Off into the heart of pigeon land I strode. A long while spent eyeing up the giant swaying perches towering above. By pausing, listening and visually scanning for signs of life every few steps, I caught sight of a squirrel scurrying along a fallen trunk. I awaited its appearance the other end but when it was evident none would arrive I crept forward.

It's impossible to be completely silent in woodland. Nonetheless I managed to take this tree rat completely off guard. Within seconds the crosshairs were trained on her noggin and a 'phut' from the T10 bowled her over the side of the log. As I approached to inspect my prize, I could have ejected faeces from my rectum when she popped back up, a grotesque picture of mortal injury. Blood flowing from a seemingly fatal shot.  Serious 'Terminator' squirrels. Thankfully, the next round was chambered and already impacting the skull ensuring a swift demise and passage to the afterlife. Her mate, mortified, barked his disapproval at me from the branch of a neighbouring fir. His horror lasted but an instant as he too joined her on the banks of the Styx.
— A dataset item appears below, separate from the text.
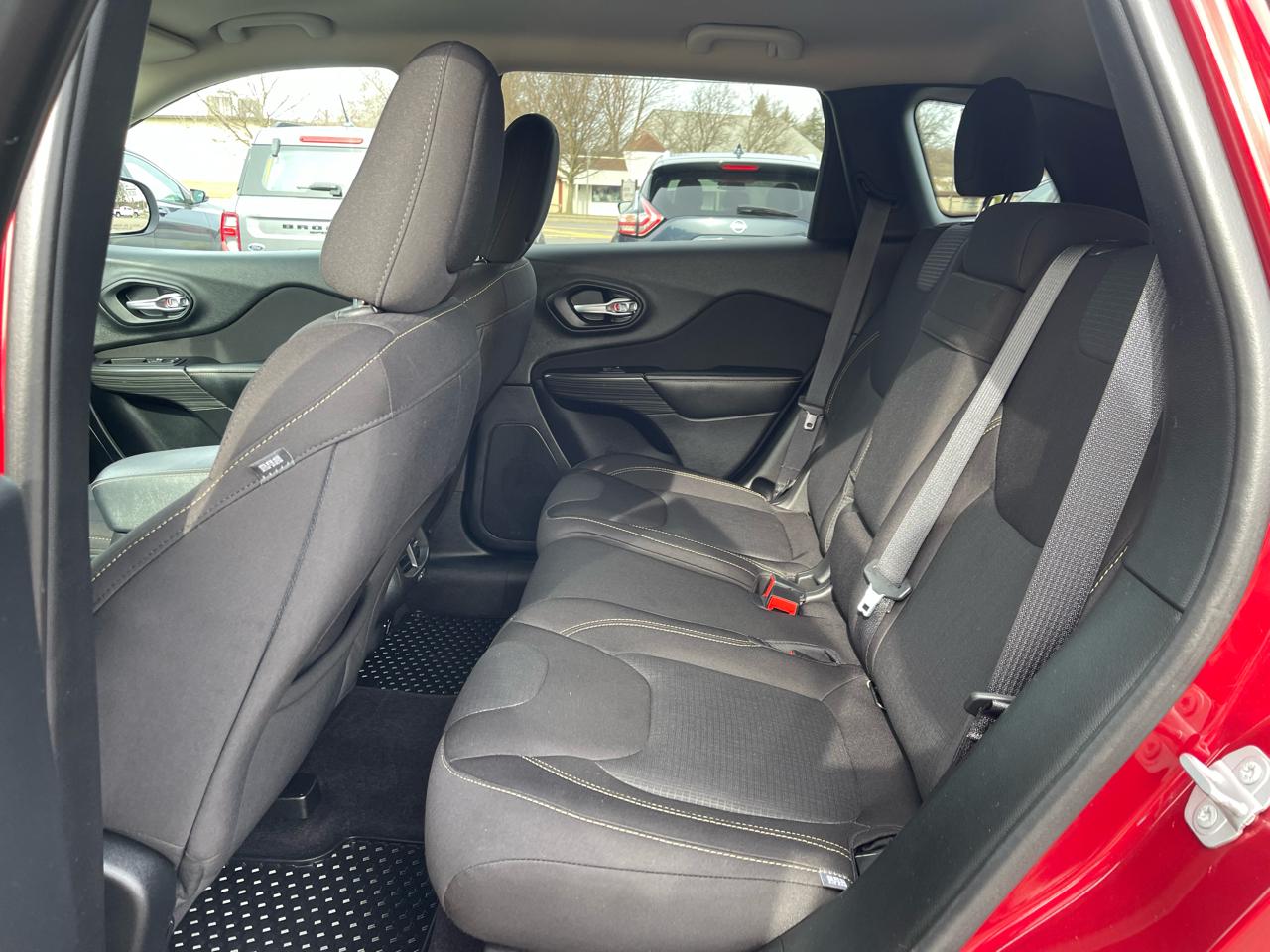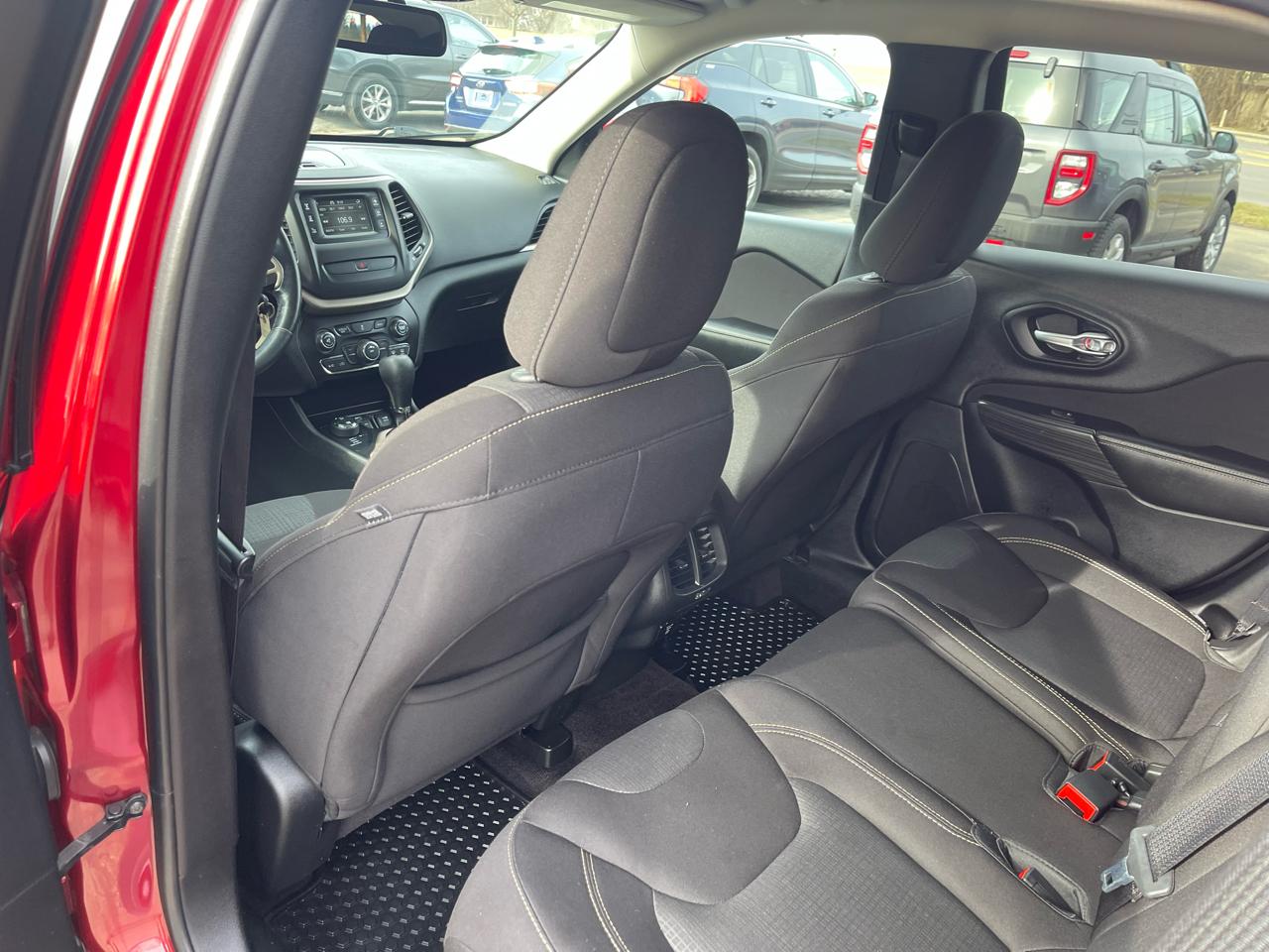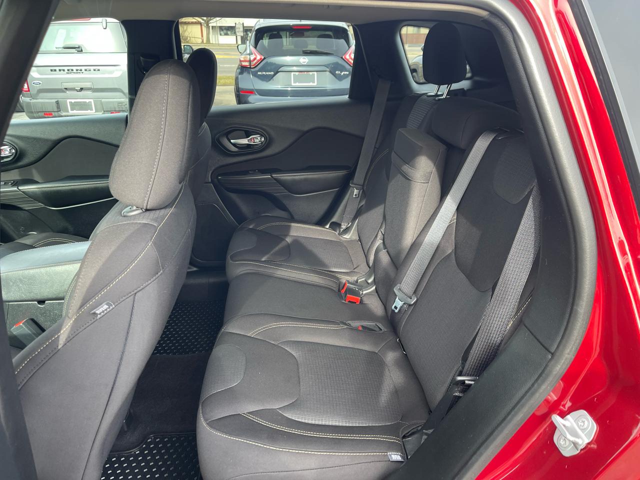 Edmunds.com explains The Cherokee features one of the better backseats in the compact crossover class. Not only does it recline, but it also provides for fore-and-aft adjustment, and the high-mounted bench supports adults thighs without pushing their heads into the rafters..
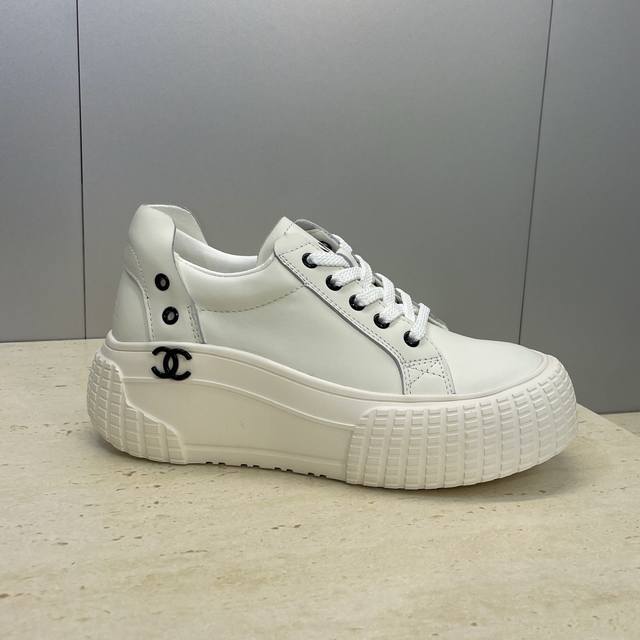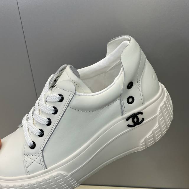 / 工厂P价P DDD Chanel 香奈儿2026早春新款系带休闲女鞋 小香字母Logo五金扣厚底圆头拼色运动小白鞋 DDD 材质:鞋面进口环保小牛皮+水染羊皮内

The BSA Scorpion T10 was evidently in fine fettle. Two close to medium range shots delivered with superb accuracy. Light and extremely 'pointable', target acquisition is fast and easily held steady. Despite having the older style magazines, reputedly troublesome, it cycles faultlessly and smoothly.

But more was to be asked.

Deeper into the temperate forest I went, eventually finding myself in a 'dead' zone of forgotten land as the woodland borders a cattle field. Here I discovered many treasures. The first, a tree favoured by crows. I scared them away upon approach, but so fond of it were they, that within minutes they had returned. By this time I was concealed behind a cotswold stone wall, perfectly positioned to scare the Bejesus out of one of them by hitting a branch that swang just in front of the pellet with impeccable timing. Just as well. Crow burgers will have to wait for another day.
The ground was so riddled with warrens and tunnels, traversing it was akin to navigating across a swiss cheese.
My next discovery was of a small patch of bracken that allowed a quiet concealed approach to the fence and a view of the hedgeline. Rabbits lined the way. Three at least were very happily digesting their 'five-a-day'. As I believed myself lacking in my rabbit RDA, I thought "I'll av one of them"...
So I did.

Someone appears to have neglected to have attached a colourful label for me to consult whether this product is organic/suitable for vegetarians/free from anthrax. Which is doubly frustrating as how will I know who to sue?!!
Still I'll live on the edge and cook it up anyway...

The wild, truly the worlds most fantastic 'supermarket'.